Legendre Polynomial
Show that the coefficient of \( x^n \) in \( P_n(x) \) is \( \frac{(2n)!}{2^n(n!)^2} \)
Solution: The n-th Legendre Polynomial is given by
\[ P_n(x)=\frac{1}{2^nn!}\frac{d^n}{dx^n}\left( x^2-1\right)^n \]
Expanding \( \left( x^2-1 \right) \) using Binomial theorem, we get
\begin{align*}
P_n(x) &=\frac{1}{2^nn!}\frac{d^n}{dx^n}\left[ x^{2n}-nx^{2(n-1)}+\cdots \right]\\[0.2cm]
P_n(x) &=\frac{1}{2^nn!}\left[ \frac{d^n}{dx^n} \left( x^{2n}\right) -\cdots \right]\\[0.2cm]
P_n(x) &=\frac{1}{2^nn!}\left[ (2n)(2n-1)\ldots(2n-(n-1))x^{2n-n} -\cdots \right]\\[0.2cm]
P_n(x) &=\frac{1}{2^nn!}\left[ (2n)(2n-1)\ldots(n+1)x^{n} -\cdots \right]\\[0.2cm]
P_n(x) &=\frac{1}{2^nn!}\left[ \frac{(2n)(2n-1)\ldots(n+1)\cdot n(n-1)\ldots 3\cdot 2\cdot 1}{n(n-1)\ldots 3\cdot 2\cdot 1}x^{n} -\cdots \right]\\[0.2cm]
P_n(x) &=\frac{1}{2^nn!}\left[ \frac{(2n)!}{n!}x^{n} -\cdots \right]\\[0.2cm]
P_n(x) &=\frac{(2n)!}{2^n(n!)^2}x^n -\cdots
\end{align*}
Therefore the coefficient of \( x^n \) in \( P_n(x) \) is \( \frac{(2n)!}{2^n(n!)^2} \)
Show that \( \int_{-1}^1P_n(x)P_m(x)\, dx =0 , \quad (n\neq m )\)
Solution: Consider the Legendre equation
\begin{align*}
\left( 1-x^2 \right)y''-2xy'&+n(n+1)y=0 \quad \ldots (1) \\[0.2cm]

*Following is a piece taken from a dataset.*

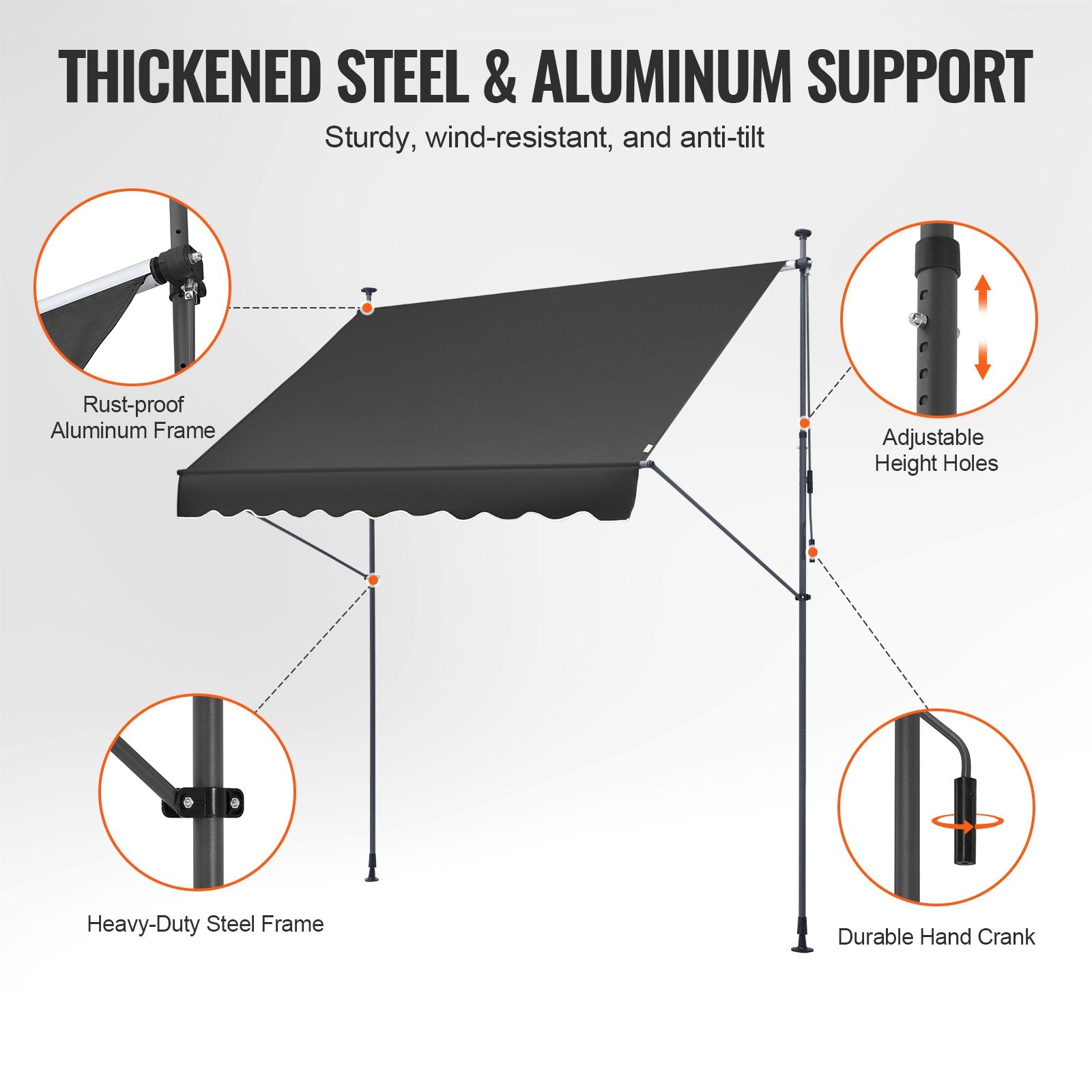 - Användarvänlig design: Den övre handveven gör det enkelt att justera vinkeln på den infällbara markisen från 0° till 90°, vilket förbättrar användbarheten och bekvämligheten för alla dina skuggningsbehov.

\Rightarrow \left[ \left( 1-x^2 \right) y' \right]'&+n(n+1)y=0 \\[0.2cm]
\Rightarrow \left[ \left( 1-x^2 \right) y' \right]'&=-n(n+1)y
\end{align*}
Since \( P_n(x) \) is the solution of the equation \( (1) \) we then have,
\begin{align*}
\left[ \left( 1-x^2 \right) P'_n(x) \right]'&=-n(n+1)P_n(x)\quad \ldots (2)
\end{align*}
Similarly for the solution \( P_m(x) \) of the Legendre equation \( \left( 1-x^2 \right)y''-2xy'+m(m+1)y=0 \), we have,
\begin{align*}
\left[ \left( 1-x^2 \right) P_m'(x) \right]'&=-m(m+1)P_m(x)\quad \ldots (3)
\end{align*}
Multiplying the equation \( (2) \) by \( P_m(x) \) and the equation \( (3) \) by \( P_n(x) \), we have,
\begin{align*}
P_m(x)\left[ \left( 1-x^2 \right) P'_n(x) \right]'&=-n(n+1)P_n(x)P_m(x)\quad \ldots (4)\\[0.2cm]
P_n(x)\left[ \left( 1-x^2 \right) P_m'(x) \right]'&=-m(m+1)P_n(x)P_m(x)\quad \ldots (5)
\end{align*}
Subtracting equation \((5)\) from equation \((4)\), we get,
\begin{align*}
P_m(x)\left[ \left( 1-x^2 \right) P'_n(x) \right]'- P_n(x)\left[ \left( 1-x^2 \right) P_m'(x) \right]'&=\left[ m(m+1)-n(n+1)\right]P_n(x)P_m(x)\\[0.2cm]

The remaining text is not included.